Em primeiro lugar, isto colocaria a responsabilidade pela crise sobre os ombros de um indivíduo não-conformista e imprevisível. Em segundo lugar, isso lhes permitiria escalonar eventos fundamentais de acordo com um calendário planejado. Em terceiro lugar, isso ativaria os poderes totalitários investidos no gabinete do presidente durante uma crise nacional. Esses poderes, que entraram em vigor principalmente por meio de uma longa série de Ordens Executivas, permitirão ao presidente governar o país com autoridade que não possa ser questionada. Enquanto um estado de Lei Marcial prevalecer, o Congresso e a Suprema Corte, se continuarem a funcionar, não terão influência restritora alguma sobre as ações do presidente.
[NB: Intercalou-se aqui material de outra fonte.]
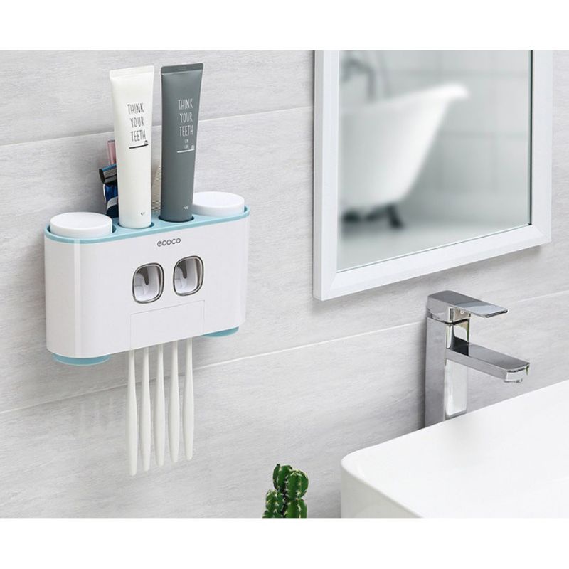 - Bộ nhả kem đánh răng Ecoco bao gồm: + Giá treo 5 bàn chải đánh răng + 2 chỗ chiết kem đánh răng + 4 cốc ( 2 trên 2 dưới ) + 1 khay có thể đựng được lược, cây cạo râu.
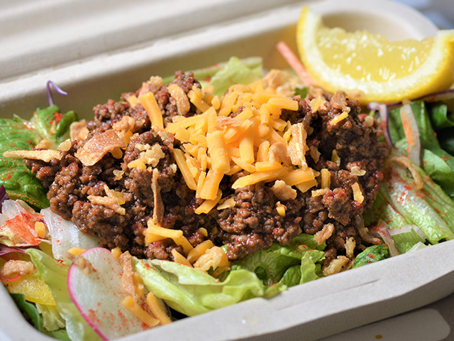 オリジナルタコミートを使用したタコライス、大人の和牛ロコモコ、プリプリ大海老のガーリックシュリンプをご提供いたします。
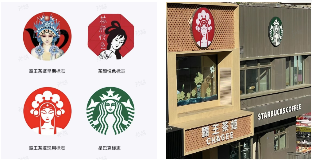 品牌調性上,霸王茶姬與茶顏悅色“不謀而合”的都使用了新中式風格。品牌logo、產品名稱以及門店設計上,霸王茶姬也是亦步亦趨。品牌升級后,霸王茶姬換用了“簡單配色+強視覺沖擊力”模式的logo,與星巴克“殊途同歸”。

O Plano Já Tem Mais de Cem Anos

Este plano pode ser rastreado em pelo menos 100 anos, no mínimo. Quando Woodrow Wilson estava concorrendo para a presidência, em 1912, ele disse a um jornalista que o país precisava passar por uma "reconstrução radical". Podemos agora compreender que isto significa que a série de pesos e contrapesos que foram deliberadamente colocados nos três poderes, de modo a impedir o aparecimento de um tirano com plenos poderes, teriam de ser removidos. Uma vez que eles forem ativados, os poderes especiais do Executivo garantirão que dois dos três poderes do governo essencialmente caiam no silêncio. Somente o Poder Executivo, o próprio presidente, terá qualquer autoridade real.
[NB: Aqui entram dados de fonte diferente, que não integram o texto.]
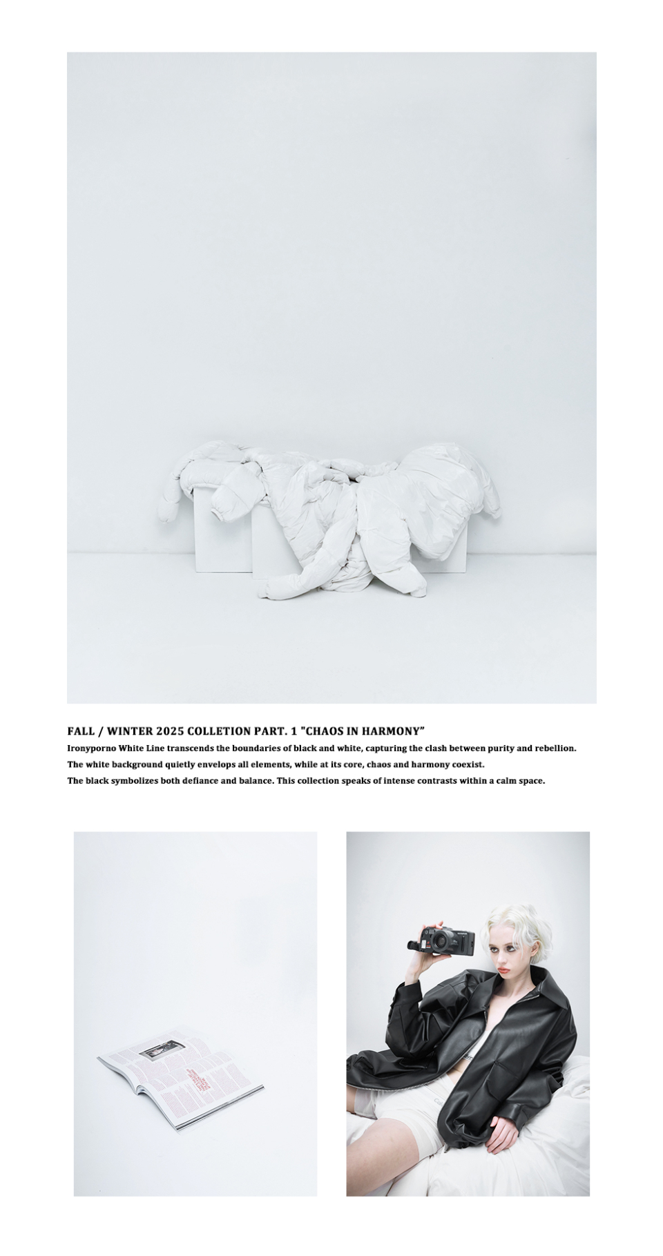 아이러니포르노 화이트라인(IRONYPORNO WHITELINE)은 기존의 오리지널 라인과 전혀 다른 새로운 모습으로 선보이는 브랜드입니다. 약간의 키치함과 세련미가 섞인 언밸런스한 느낌을 담고 있습니다.

Isto somente pode acontecer se um estado de emergência nacional for declarado. E quem tem a autoridade para fazer isto? O presidente!
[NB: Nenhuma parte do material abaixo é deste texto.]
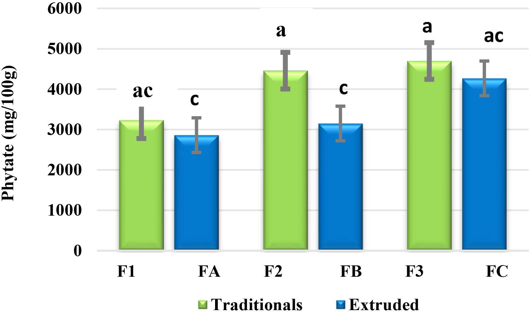 The effect of extrusion cooking on phytate reduction, in comparing co-extruded flours FA, FB and FC with their non-extruded controls, was studied. The results, in Figure 1, showed that extrusion processing significantly reduced phytate levels by 11.46%, 29.34%, and 9.16% respectively in FA, FB, and FC. In comparison before extrusion, phytate contents were at 3231.9 mg/100 g for F1, 4457.7 mg/100 g for F2 and 4698.2 mg/100 g for F3. After extrusion cooking process, the actual levels were 2861.5 mg/100 g, 3149.7 mg/100 g and 4267.8 mg/100 g respectively for FA, FB and FC flours. Other authors such as [24] and [25] also observed a slight reduction of phytic acid content after application of extrusion cooking. The results obtained from phytate contents in our study were higher than those reported by [4] in their mixture of millet/Baobab, millet/Moringa and millet/Baobab/Moringa.
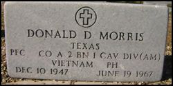 A CO, 2ND BN, 7TH CAVALRY, 1ST CAV DIV, USARV Army of the United States Houston, Texas December 10, 1947 to June 19, 1967 DONALD D MORRIS is on the Wall at Panel 22E, Line 16 |
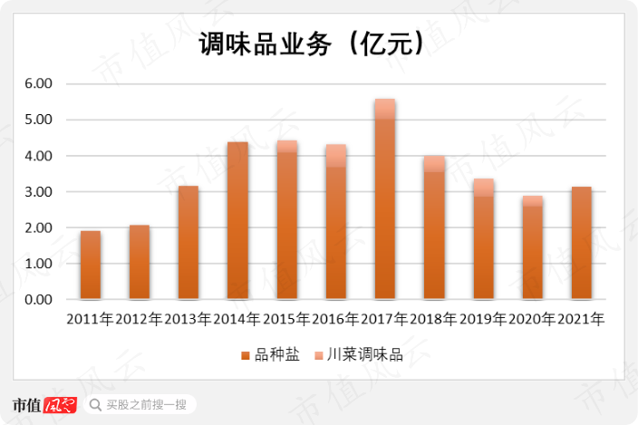 不过从2015年开始单独披露川菜调味品收入来看,这项业务显然也是不成气候的。

Como o povo americano reagirá? Isto tudo depende das razões que o presidente apresentar para declarar uma emergência nacional. Se as razões parecerem plausíveis, o público muito provavelmente aceitará a decisão, especialmente se o presidente garantir que deixará o cargo assim que a ordem estiver restabelecida. Se a emergência for declarada após um evento doloroso que afeta praticamente a todos, como um colapso gigantesco no mercado de ações e Bolsas de Valores, que foi aparentemente provocado por um ataque cibernético originário da Rússia ou do Irã, a maioria dos americanos estará disposta a aceitar a ativação de poderes especiais para lidar com a crise antes que ela cause danos irreparáveis. Ao fazer isso, a população voluntariamente trocará sua liberdade por segurança — para seu arrependimento perpétuo.

O "Coronel" House

O presidente Woodrow Wilson era controlado por uma eminência parda — o "coronel" Edward Mandell House — que virtualmente escolhia os membros do gabinete e decidia muitos aspectos da política nacional. (O título de "coronel" era apenas honorífico, pois ele não tinha experiência militar alguma). Ele chegou até mesmo a redigir os famosos Catorze Pontos, que o presidente Wilson impôs na Conferência de Paz de Paris, de 1919, que foi efetivamente um modelo para o governo mundial por meio da assim chamada "Liga das Nações".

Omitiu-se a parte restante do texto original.